Article 724- Any driver of a vehicle that deliberately manipulates the speed-recorder equipment of
the vehicle so that the equipment shows a lower speed than the actual speed, or drives the vehicle
while being aware that the said equipment is manipulated, in the first instance shall be sentenced to
ten days to two months imprisonment or a fine of fifty thousand to five hundred thousand Rials or
both the punishments, and in the case of recurrence shall be sentenced to six months to two to six
months imprisonment.
Article 725- If any government official who is responsible for the assessment of driving skills and
issuance of driving licenses, issues a driving license for an incompetent applicant, they shall be

sentenced to six months to one year of tazir imprisonment and five years prohibition from civil
service and the aforementioned license shall be revoked.

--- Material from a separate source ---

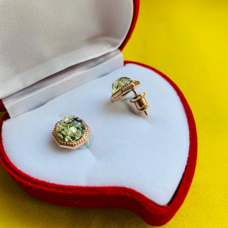 Vergoldete Silberohrstecker mit Bernstein. Wunderschöne Ohrstecker aus vergoldetem Silber 925 Probe, mit grünem Bernstein! Eine einzigartige Gelegenheit, Ihre Individualität zu betonen, das Bild von Weiblichkeit, Sonnenschein und Zärtlichkeit zu vermitteln.

Article 726- An accessory to a tazir crime shall be punished with the minimum punishment provided
for the same crime.
Article 727- The crimes mentioned in articles 558, 559, 560, 561, 562, 563, 564, 565, 566, later part
of article 596, 608, 622, 633, 642, 648, 668, 669, 676, 677, 679, 682, 684, 685, 690, 692, 694, 697,
699, and 700 shall not be prosecuted unless by complaint of a private complainant and if the private
complainant forgives [waives his complaint] the court may mitigate the punishment of the offender, or
according to the Sharia provisions abandon the prosecution.
Article 728- Considering the characteristics of a crime and the offender and the number of instances
in which the crime was committed, when delivering the judgment and if required, the court may apply
the rules regarding mitigation or the suspension of punishment and supplementary and substitute
punishments such as the temporary deprivation of public services.